2 . There were three justices in the case who joined in'.a partial dissent. However, as to the informed consent doctrine, the separate opinion stated:

While I concur in the majority opinion in it’s [sic] analysis and application of the law of “informed consent” I must respectfully dissent to the majority view [concerning the alternate theory of liability in the case].

515 P.2d at 1372.

3 . See, e. g., Joy v. Chau, 377 N.E.2d 670 (Ind. Ct.App.1978); Holton v. Pfingst, 534 S.W.2d 786 (Ky.1976); Downer v. Veilleux, 322 A.2d 82 (Maine 1974); Sard v. Hardy, 281 Md. 432, 379 A.2d 1014 (1977); Small v. Gifford Mem. Hosp., 133 Vt. 552, 349 A.2d 703 (1975); ZeBarth v. Swedish Hosp. Medical Center, 81 Wash.2d 12, 499 P.2d 1 (1972); Trogun v. Fruchtman, 58 Wis.2d 596, 207 N.W.2d 297 (1973).

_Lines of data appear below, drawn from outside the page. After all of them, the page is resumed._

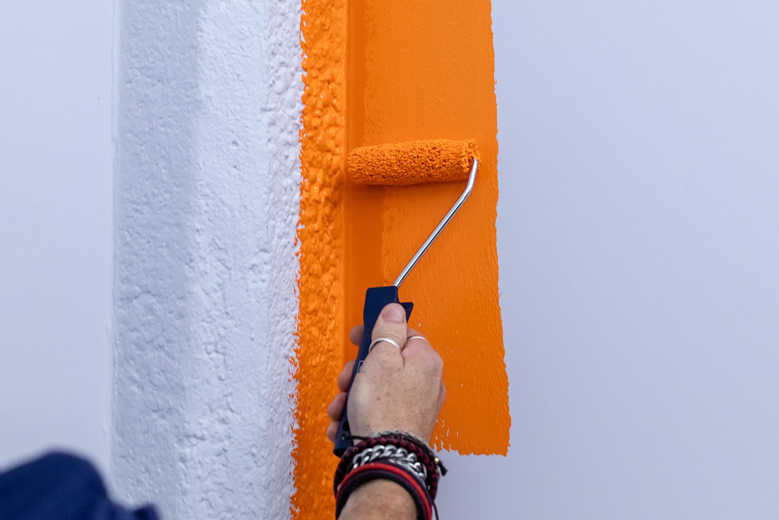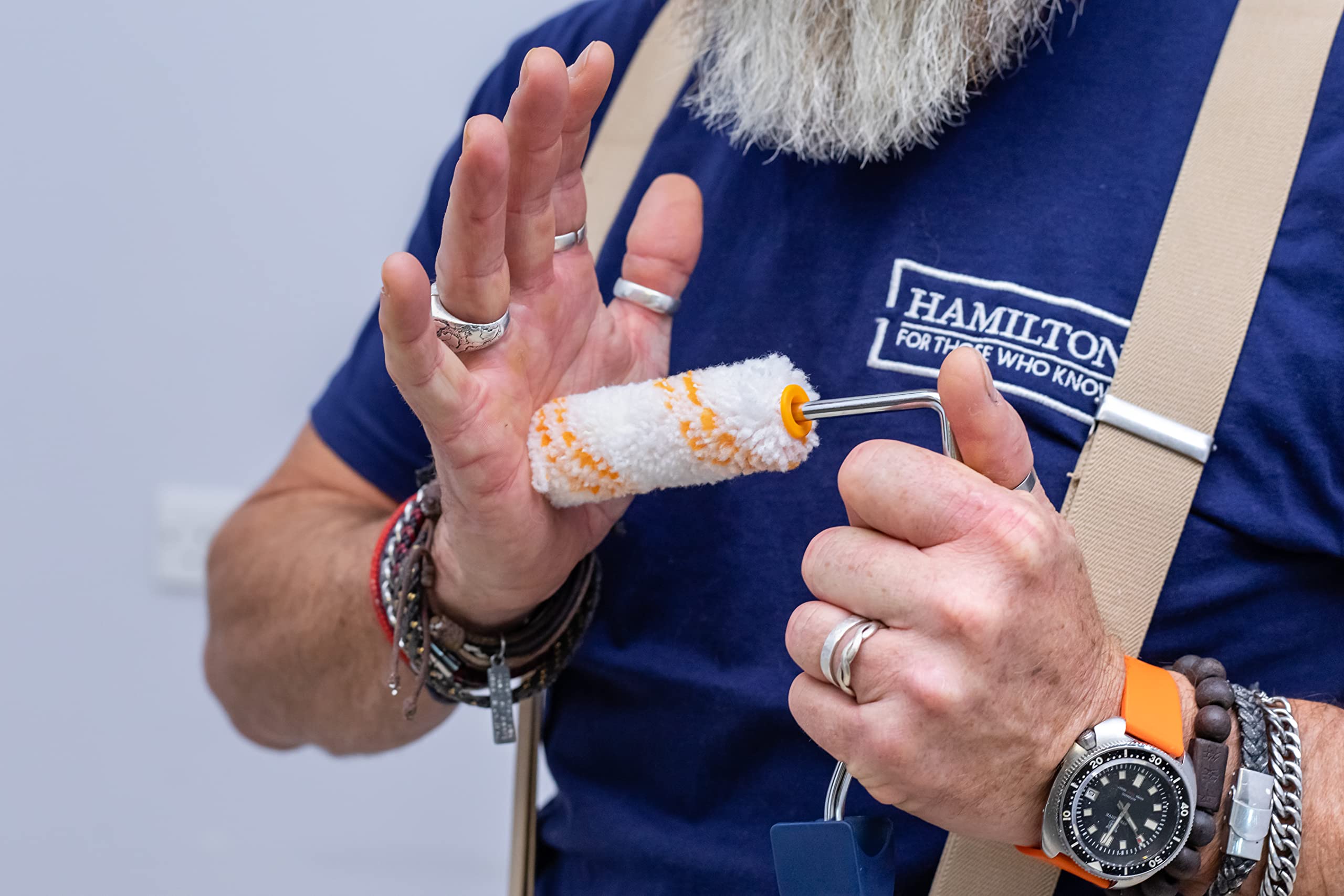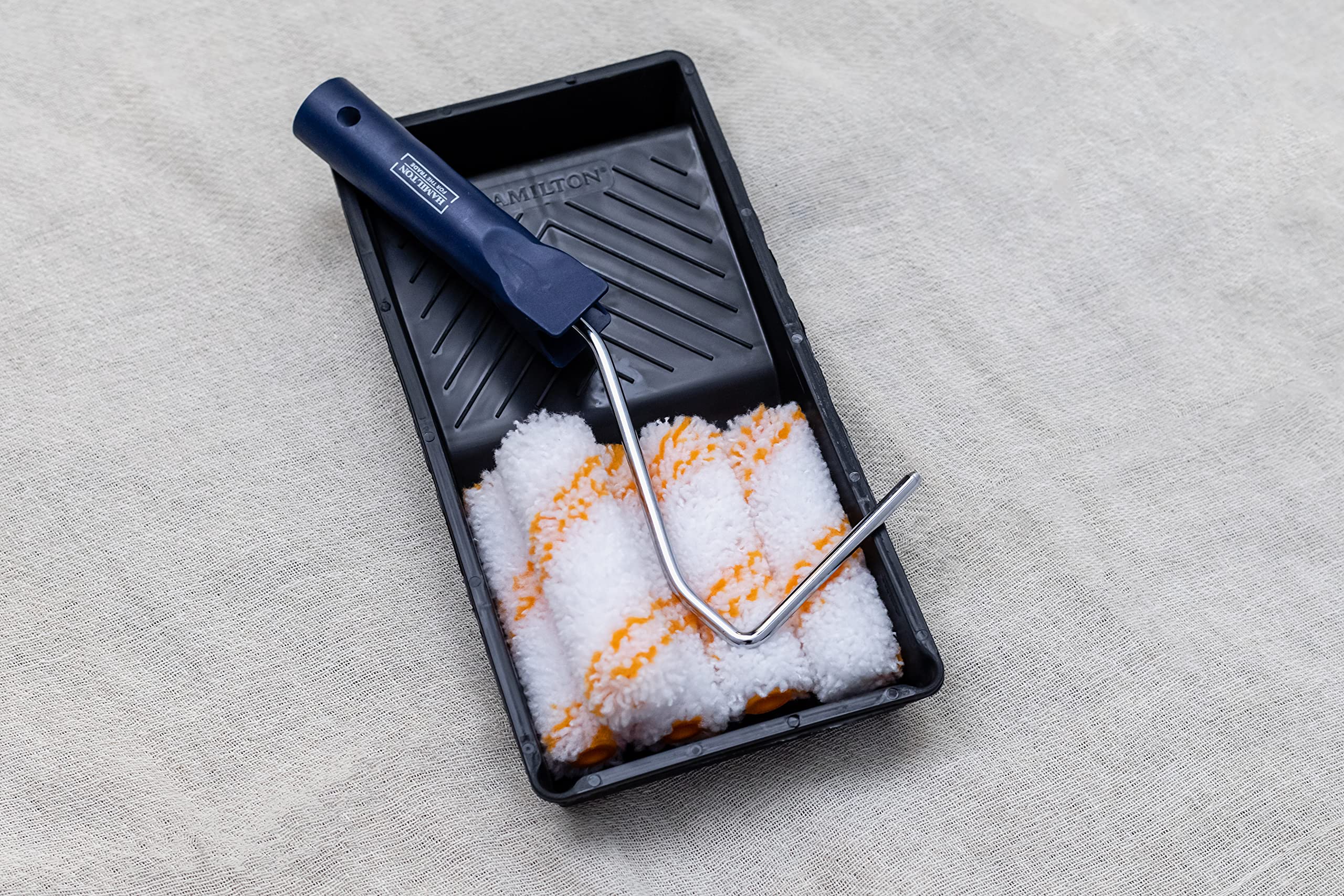 Hamilton for The Trade 7 Piece Medium Pile Paint Roller Set with Tray, 4", White/Orange/Blue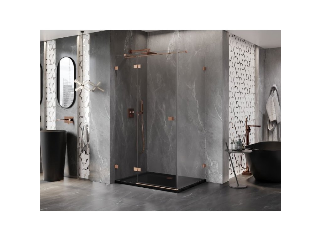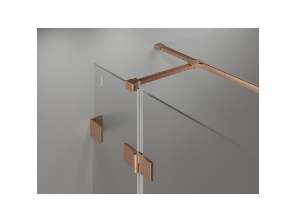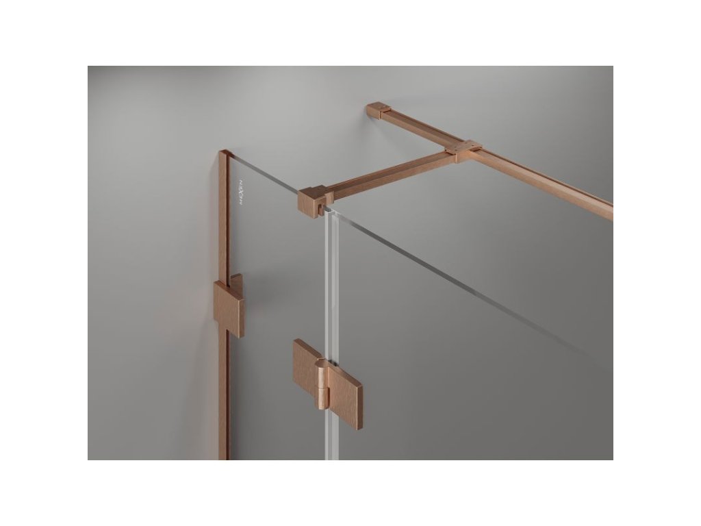 Specifikace produktu: Rozměr: 90x70 cm (levé dveře 90 cm, stěna 70 cm) Výška: 200 cm Strana montáže: Levá Vchod: Dveře s výklopnými křídly Barva skla: Průhledná Povrchová úprava: Kartáčovaná měď Profil: Hliník Konzola: Nerezová ocel Max. délka konzoly: 150 cm Konzolu lze zkrátit na míru Typ skla: Tvrzené Tloušťka skla: 8 mm Povrchová úprava pro snadné čištění Nastavitelná šířka Dva montážní systémy: - S profilem, který umožňuje vyrovnání nerovností stěn - Bez profilu pro dokonale rovné stěny Možnost montáže na sprchovou vaničku nebo obklady Mechanismus pro zvedání a spouštění dveří Mosazné svorky a panty v jedné rovině se sklem Magnetický proužek a elastomerové těsnění pro odvod vody Hliníkový práh těsnění dveříDoplňkové parametry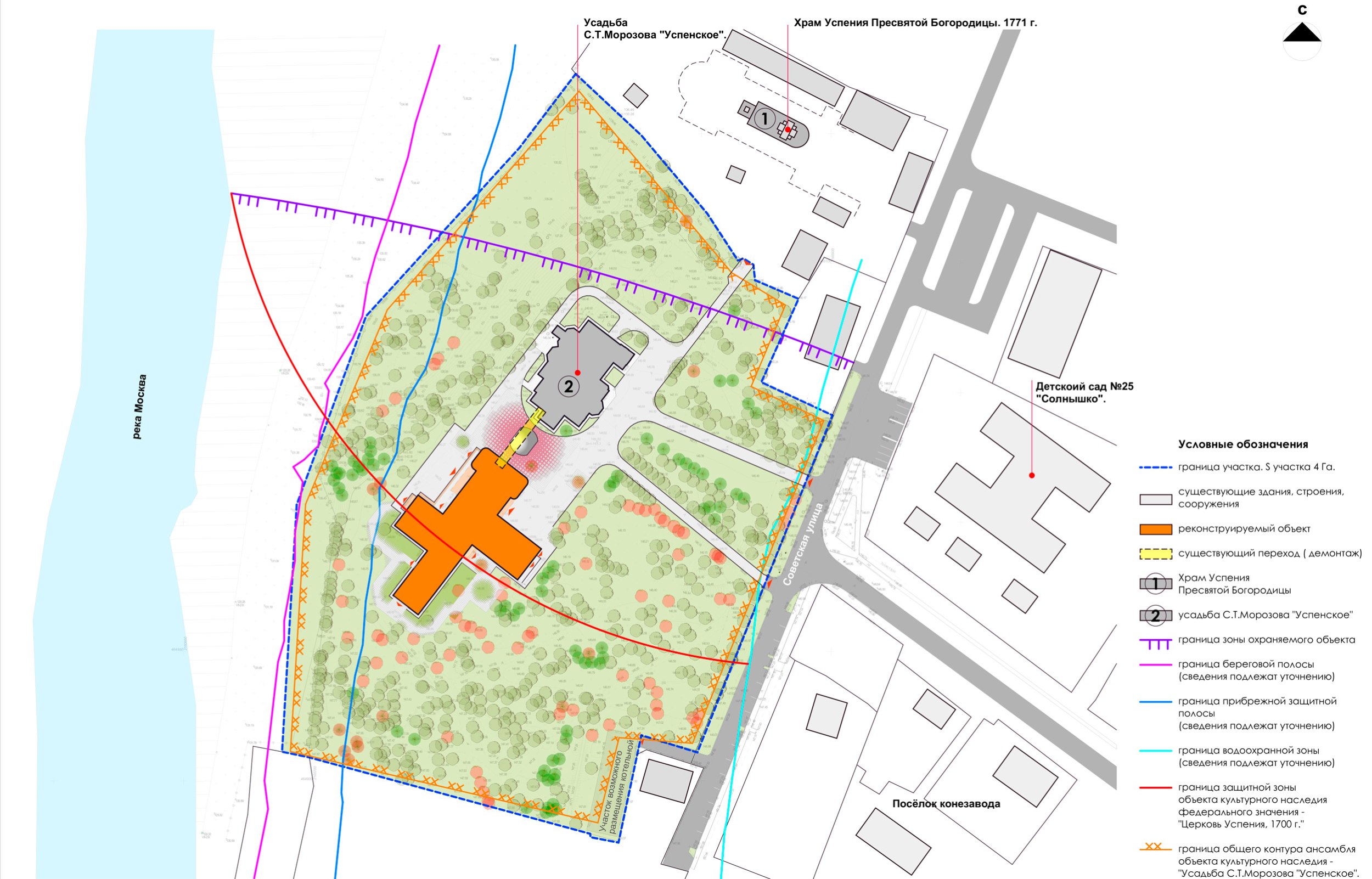 Концепция реконструкции предполагает создание культурно-просветительского центра «Успенское» с сохранением архитектурных особенностей и уважением к историческому контексту. Для восстановления визуальной автономности усадьбы демонтируется надземный переход между корпусом и основным зданием. Фасады сохраняют кирпичную облицовку с изменением цветового решения на более нейтральное. В зоне лоджий появится структурное витражное остекление с лёгким зеркальным эффектом, отражающим парк и визуально «растворяющим» здание в ландшафте.

4 . The record before us does not reveal whether the trial judge was of the view that Oklahoma did not recognize “informed consent” or whether he believed the evidence was insufficient to warrant an instruction on the doctrine even if recognized. Even if the trial court’s refusal to give the instruction was based on his view of the applicable state law, we are not foreclosed from deciding otherwise. Although we will give weight to a trial judge’s perception of the law of his resident state when the law is unclear, Glenn Justice Mortgage Co., Inc. v. First Nat’l Bank, 592 F.2d 567, 571 (10th Cir. 1979), if the state court itself has indicated the direction in which it intends to move in an unclear area of the law, we will move with the state court in that direction.

5 . These jurisdictions split on whether expert testimony is needed to establish the standard. They are further split on whether expert testimony, if needed, should focus on the standard of practice of physicians generally, of physicians in the locality, or of physicians in the same specialty. Annot., 52 A.L.R.3d 1084 (1973).

6 . We have chosen between the tests only because the Oklahoma Court has indicated it would do so. The Court need not, however, consider itself so limited. The better practice would be to adopt a rule allowing for the application of whichever test best comports with the theories of the parties and the evidence produced during the trial.

7 . The duty of the doctor to inform the patient is in the nature of a fiduciary duty; thus, the patient has the right to decide what medical procedure he will undertake and the doctor must supply the patient with the material facts the patient will need in order intelligently to make that decision. It is not for the medical profession to establish a criterion for the dissemination of information to the patient based upon what the doctors feel the patient should be told. See Small v. Gifford Mem. Hosp., 133 Vt. 552, 349 A.2d 703 (1975).

8 . Phacoemulsification is a surgical procedure first used about ten years before the surgery in this case. It entails a three millimeter incision in the eye, into which a small needle is inserted. The needle then vibrates at 45,000 vibrations per second. When it touches the cataract, the vibrations emulsify the cataract and the particles are removed from the eye by a suction technique.

The other surgical procedure for removing cataracts is called intracapsular surgery. It involves a 180 degree incision into the eye. The entire cataract is removed intact in the membrane surrounding it.